Given data
* * * * *

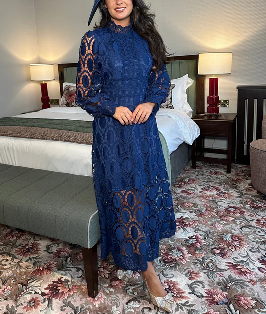 Moteriška midi suknelė su elegantiška, erdvia iškirpte-LT
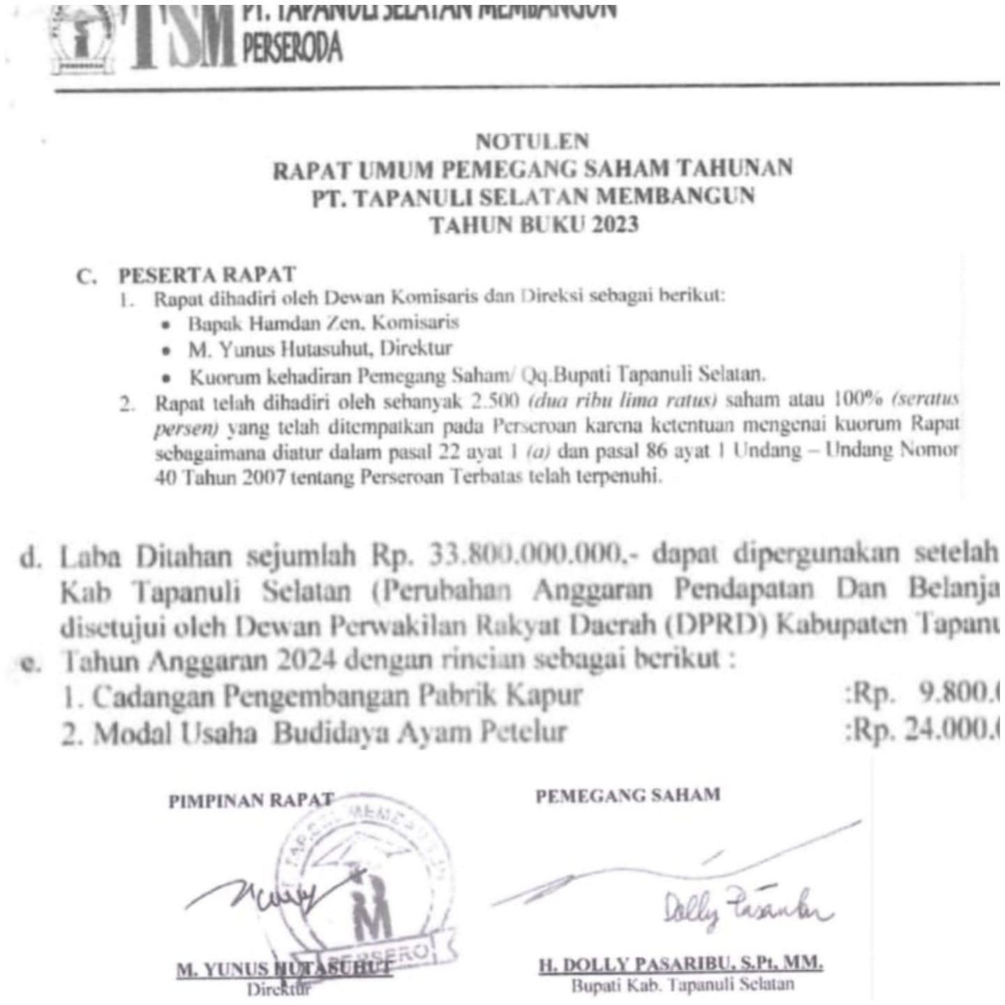 Rapat Umum Pemegang Saham (RUPS) PT. TSM pada 22 Mei 2024 memutuskan penggunaan laba bersih Rp62.338.453.354, termasuk alokasi untuk proyek pabrik kapur (Rp9,8 miliar) dan budidaya ayam petelur (Rp24 miliar). Notulen RUPS menyebutkan kedua proyek tersebut baru dapat dimulai setelah mendapat persetujuan DPRD Tapsel melalui Perubahan APBD 2024. Namun, perubahan APBD 2024 tidak pernah disetujui DPRD, sementara proyek tersebut telah berjalan.
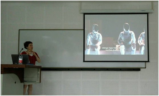 讲座伊始,谢群教授首先对斯特凡诺娃博士的到来表示热烈的欢迎,然后简要地介绍了斯特凡诺娃教授的研究方向及研究成果。接着,卡丽娜•斯特凡诺娃教授以《哈姆雷特》第一幕第五景中哈姆雷特所言“The time is out of joint”(“这是一个颠倒混乱的世界”)为切入点分析了19和20世纪东欧戏剧中的政治戏剧的发展趋势及其关注点---如何改变我们所处的这个物欲横流的世界。斯特凡诺娃教授还介绍了波兰作家Ian Kott所写著作Shakespeare---Our Contemporary以及四位杰出的东欧导演---Eimuntas Nekrosius、Oskaras Korsunovas、Ian Klata和Daniel Spinar,并就他们以哈姆雷特为蓝本所创作的四部“政治与灵魂相互交融”类戏剧从不同的舞台表现手法、呈现方式进行了具体的分析与欣赏,为我们更好地理解哈姆雷特提供了新的思路和想法。
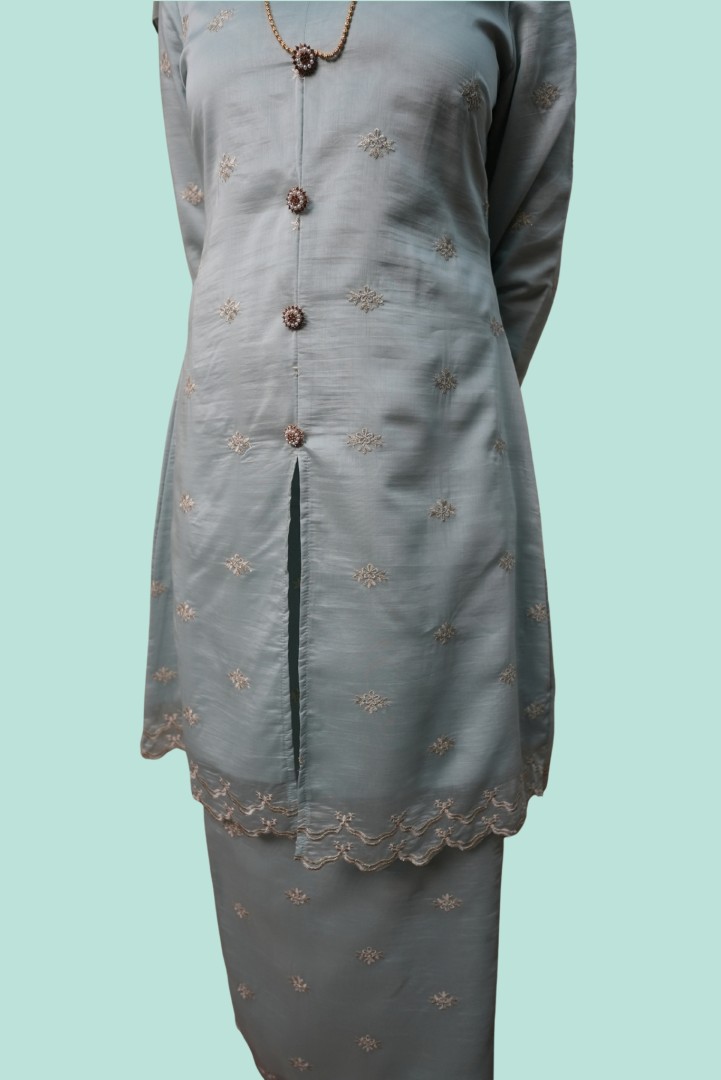 A graceful Kurung Riau in a rich Mint Green hue, beautifully adorned with delicate embroidery that reflects refined craftsmanship and timeless elegance. Crafted from comfortable organza silk material, this piece features elegant detailing along the hem and sleeves, blending classic heritage with modern sophistication for elevated modest wear.

* * * * *

Exercise brief
Each line above should be written out again exactly, and no picture should appear in the copy.

Answer section
 Moteriška midi suknelė su elegantiška, erdvia iškirpte-LT
 Rapat Umum Pemegang Saham (RUPS) PT. TSM pada 22 Mei 2024 memutuskan penggunaan laba bersih Rp62.338.453.354, termasuk alokasi untuk proyek pabrik kapur (Rp9,8 miliar) dan budidaya ayam petelur (Rp24 miliar). Notulen RUPS menyebutkan kedua proyek tersebut baru dapat dimulai setelah mendapat persetujuan DPRD Tapsel melalui Perubahan APBD 2024. Namun, perubahan APBD 2024 tidak pernah disetujui DPRD, sementara proyek tersebut telah berjalan.
 讲座伊始,谢群教授首先对斯特凡诺娃博士的到来表示热烈的欢迎,然后简要地介绍了斯特凡诺娃教授的研究方向及研究成果。接着,卡丽娜•斯特凡诺娃教授以《哈姆雷特》第一幕第五景中哈姆雷特所言“The time is out of joint”(“这是一个颠倒混乱的世界”)为切入点分析了19和20世纪东欧戏剧中的政治戏剧的发展趋势及其关注点---如何改变我们所处的这个物欲横流的世界。斯特凡诺娃教授还介绍了波兰作家Ian Kott所写著作Shakespeare---Our Contemporary以及四位杰出的东欧导演---Eimuntas Nekrosius、Oskaras Korsunovas、Ian Klata和Daniel Spinar,并就他们以哈姆雷特为蓝本所创作的四部“政治与灵魂相互交融”类戏剧从不同的舞台表现手法、呈现方式进行了具体的分析与欣赏,为我们更好地理解哈姆雷特提供了新的思路和想法。
 A graceful Kurung Riau in a rich Mint Green hue, beautifully adorned with delicate embroidery that reflects refined craftsmanship and timeless elegance. Crafted from comfortable organza silk material, this piece features elegant detailing along the hem and sleeves, blending classic heritage with modern sophistication for elevated modest wear.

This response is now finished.